Hopefully she'll respond "Oh ok, no problem"
if she gives you any grief, just be honest and say that your sister is nervous about meeting the family and she's very shy, so you all want to keep it to just women for this event.
~Benjamin Franklin
DS dx with celiac disease 5/28/10
This. Hopefully it was an RSVP that was mailed; if you already spoke to her on the phone and didn't take the opportunity to clear it up on the spot, it will be a little more awkward... but you still need to address it so that the poor guy and his kids aren't uncomfortable when they show up to a shower and are the only guys there.

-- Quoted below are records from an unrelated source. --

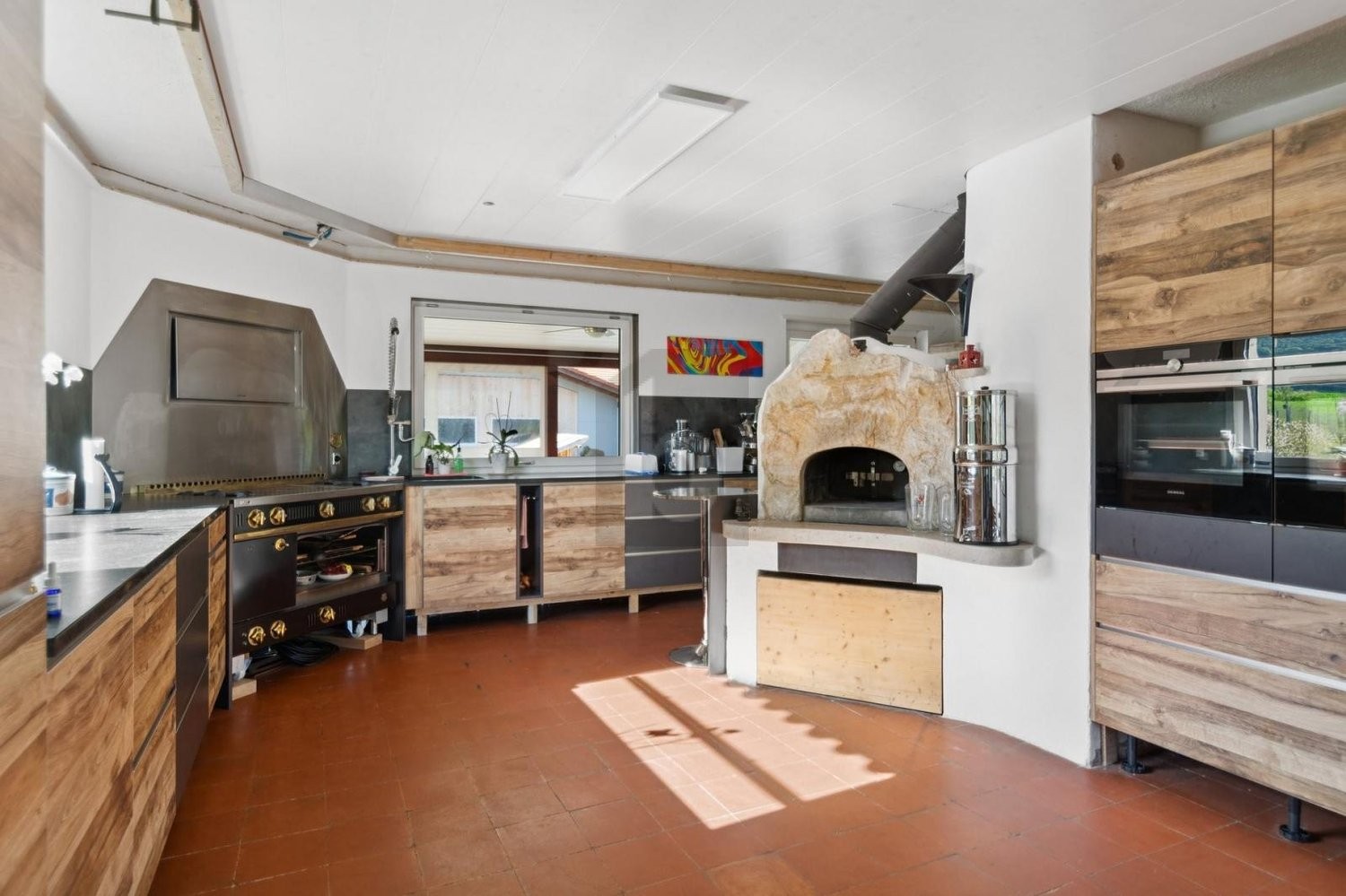 Cette propriété exceptionnelle, d'une surface habitable de 365 m², propose un concept flexible de maison pour deux familles comprenant au total 10 pièces, actuellement réparties en un appartement de 4 pièces et un duplex spacieux, qui peuvent être réunis si nécessaire. La cuisine équipée de manière semi-professionnelle, avec son four à bois traditionnel, constitue le cur de la maison. Sur le terrain de 1 157 m², vous trouverez une terrasse ensoleillée, un vaste jardin ainsi qu'un chalet annexe indépendant. Un garage pouvant accueillir quatre voitures ainsi que la possibilité de personnaliser les sols et les finitions viennent compléter cette offre polyvalente.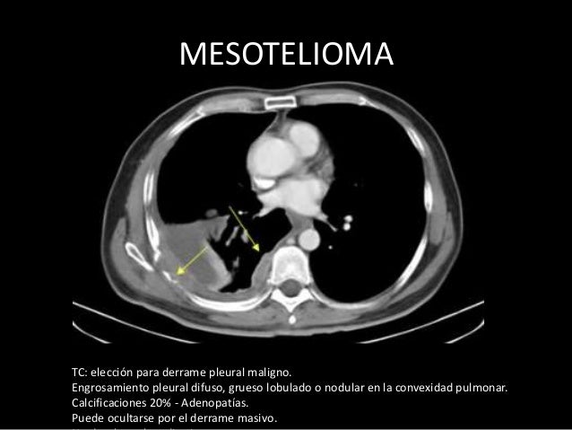 Mesotelioma maligno medlineplus enciclopedia médica. More mesotelioma maligno pleural images. Derrame pleural bilateral en pacientes sin insuficiencia. Abstract. Background pleural effusion is a frequent disease in the clinic, to which should face not only the internist and the neumologist, but other specialists including general practitioners. Objective to define this type of disease and its different causes.Method fifty cases of bilateral pleural effusion in patients without heart failure diagnosis were presented, studied from 1996 to. Derrame pleural instituto oncoguia. O derrame pleural maligno é uma condição grave e potencialmente fatal que deve ser investigada e tratada de forma eficaz evitando piora do quadro do paciente. Mesotelioma pleural. Causas, diagnóstico y tratamiento.. Cirugía se utilizan 3 tipos de cirugía en el tratamiento del mesotelioma la cirugía diagnóstica. Para obtener una muestra para la biopsia. Se lleva a cabo por toracoscopia o por cirugía pleural abierta. La cirugía paliativa, que incluye la pleurodesis, toracoscopia con pleurodesis y, más raras veces, shunt pleuroperitoneal. Tumor fibroso solitario. Estudio clínicopatológico de 16. Volumen 79, no. 5, septiembreoctubre 2011 419 tumor fibroso solitario discusión el tumor fibroso solitario fue detallado en 1931 por klemperer y rabin1 como una lesión localizada y benigna; una década después, en 1942, stout y murray,5 en estudios ba sados en cultivo de tejidos, sugirieron un origen mesotelial. Mesotelioma wikipedia, la enciclopedia libre. Mesotelioma (o mesotelioma maligno) es una forma rara de cáncer que se desarrolla a partir de células transformadas originarias del mesotelio, el revestimiento protector que cubre muchos de los órganos internos del cuerpo.El mesotelioma pleural es una placa dura, blanquecina grisacea. Generalmente es causada por la exposición al amianto. [1] la pleura (el revestimiento exterior de los.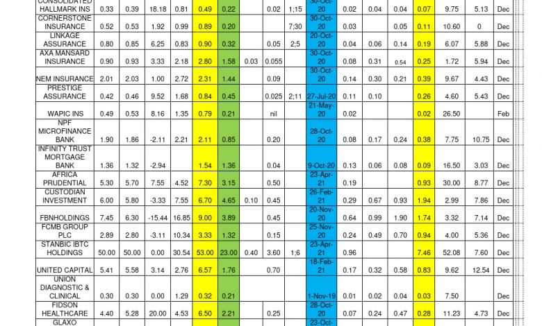 Home/Equities/Investdata Price, Earnings Tracking For Week Ended April 30, 2021 Equities Investdata Price, Earnings Tracking For Week Ended April 30, 2021 EditorMay 4, 2021 33 Less than a minute Facebook Twitter WhatsApp Post Views: 342 EditorMay 4, 2021 33 Less than a minute Facebook Twitter WhatsApp Facebook Twitter WhatsApp Share via Email

Respond back and say something nicely like, "Thank you for the RSVP but we would like to keep this shower for just the ladies, thank you."
It's rude for anyone to throw additional guests onto an RSVP. This happened with one of our wedding invites. A single gal responded "+ 1 guest" when it was just addressed to her. Turns out she didn't even have a guest at the time but if she managed to find a date in time for the wedding then there would be a space for him. She even ended up flaking in the end so there were two plates of food at $75 a piece that went to waste.
This!
when he reaches there and sees that he is the only man trust me he will leave
UGH!!! I hate that!
We had a huge problem with this and our wedding. I EVEN went to the extent of creating personalized RSVP cards with ONLY the invited people listed on the card. I still got responses with people handwritting their children in.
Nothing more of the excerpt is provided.